If the pipeline fills but candidates drop out or fail interviews at high rates, the process is the problem. The questions to ask: are the interview steps testing for what the role actually requires? Are interviewers aligned on what they are looking for before they meet the candidate? Is the time between first contact and offer longer than four weeks?

Both problems are fixable. The mistake is treating them the same way. More sourcing volume does not help a broken process. A tighter process does not help a pipeline that has no qualified candidates in it.

Diagnose first. The intervention follows from the diagnosis.

Frequently asked questions

How is time to hire measured?

Time to hire is the number of days between a candidate's first contact with the company (often application date or first message from a recruiter) and their acceptance of an offer. Some companies measure time to fill instead, which counts from job opening to accepted offer. Both matter; they diagnose different things. Time to hire reflects candidate experience and process efficiency. Time to fill reflects sourcing speed.

What is a realistic time to hire for specialized technical roles?

SHRM's 2025 talent benchmarking data puts median time-to-fill across all roles at 44 days; technical and senior roles in competitive markets run significantly longer. Companies with structured intake processes and active sourcing strategies commonly close these roles in 30-45 days. The difference is almost always upstream: clearer briefs, better sourcing channels, and fewer interview steps that do not filter signal.

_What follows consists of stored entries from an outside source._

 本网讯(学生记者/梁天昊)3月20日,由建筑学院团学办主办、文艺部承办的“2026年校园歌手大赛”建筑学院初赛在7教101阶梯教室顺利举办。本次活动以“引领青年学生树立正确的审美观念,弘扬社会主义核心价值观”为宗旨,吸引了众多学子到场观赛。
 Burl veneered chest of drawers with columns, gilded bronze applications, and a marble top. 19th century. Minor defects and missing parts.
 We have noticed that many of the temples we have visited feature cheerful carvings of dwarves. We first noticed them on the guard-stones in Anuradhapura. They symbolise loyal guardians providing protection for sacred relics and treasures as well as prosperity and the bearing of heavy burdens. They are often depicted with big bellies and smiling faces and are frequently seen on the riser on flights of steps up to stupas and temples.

What is an intake meeting in recruiting?

An intake meeting is a structured conversation between the recruiter, hiring manager, and any key stakeholders before sourcing begins. The goal is to align on what qualified looks like, which requirements are real versus preferred, and what the role actually needs to accomplish. A 45-60 minute intake meeting at the start of a search gives the recruiter a precise brief instead of an interpreted job description, cutting the sourcing cycle significantly for most specialized roles.

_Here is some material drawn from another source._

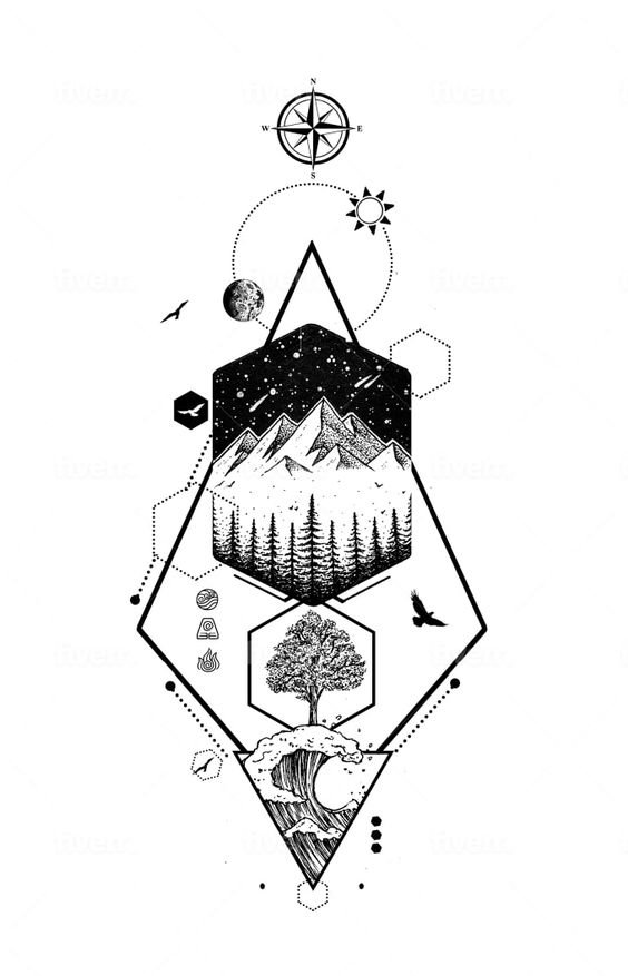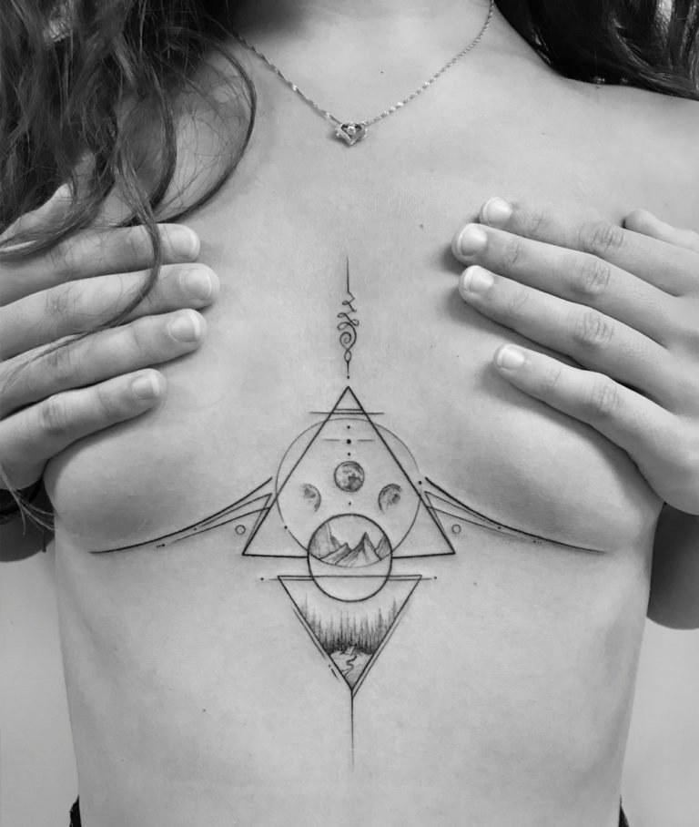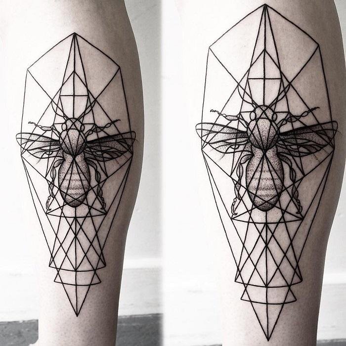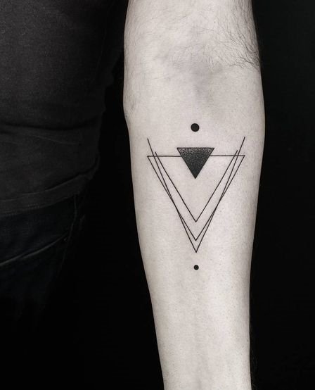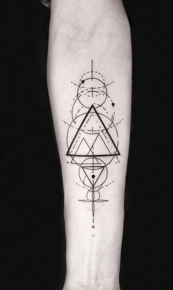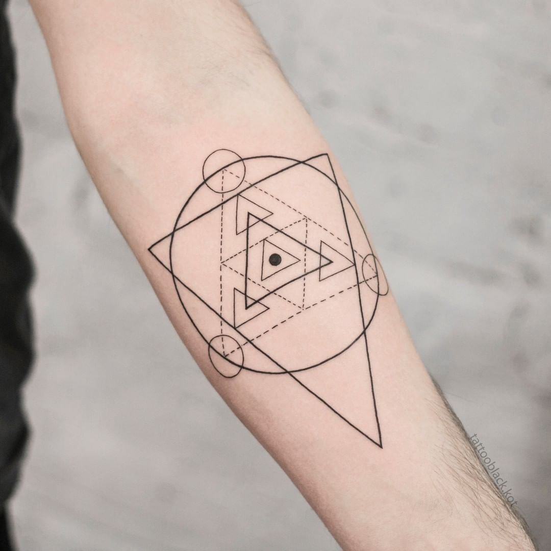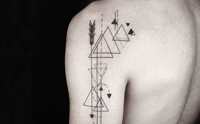 Татуировки в геометрическом стиле являются очень популярными, причем во всем мире, ведь с помощью фантазийного переплетения линий, собирается уникальный рисунок, наделен смыслом и необычным сюжетом. Стоит заметить, что символика многих тайных обществ содержит в себе геометрические фигуры, поэтому многие связывают геометрические изображения с чем-то таинственным, сакральным. Именно из-за скрытого смыслового характера, многих и привлекают геометрические изображения. К тому же такие работы всегда очень привлекательны, неординарны и очень оригинальны. Часто в татуировках встречается изображение треугольника, который имеет смысловую трактовку семьи, обеспеченности и жизненного равновесия, а так же пламя, огня и математическое число - 3.

Why do candidates drop out before receiving an offer?

The most common reasons: the process takes too long (candidates accept other offers), the role was not what was described in early conversations, or the interview experience felt disorganized. Each of these is a process problem, not a candidate quality problem. Companies with low candidate dropout rates typically move from first interview to offer in under three weeks and brief interviewers on the candidate before each round.

Can AI tools reduce time to hire?

Yes, in specific places. AI sourcing tools build targeted candidate lists faster and surface passive candidates that keyword searches miss. The sourcer still writes the outreach message. The sourcer still qualifies fit. AI accelerates the list-building step; it does not replace the judgment required to run a good search. Companies that use AI to cover for an unclear job brief do not reduce time to hire. Companies that use AI on a tight brief see meaningful gains at the top of the funnel.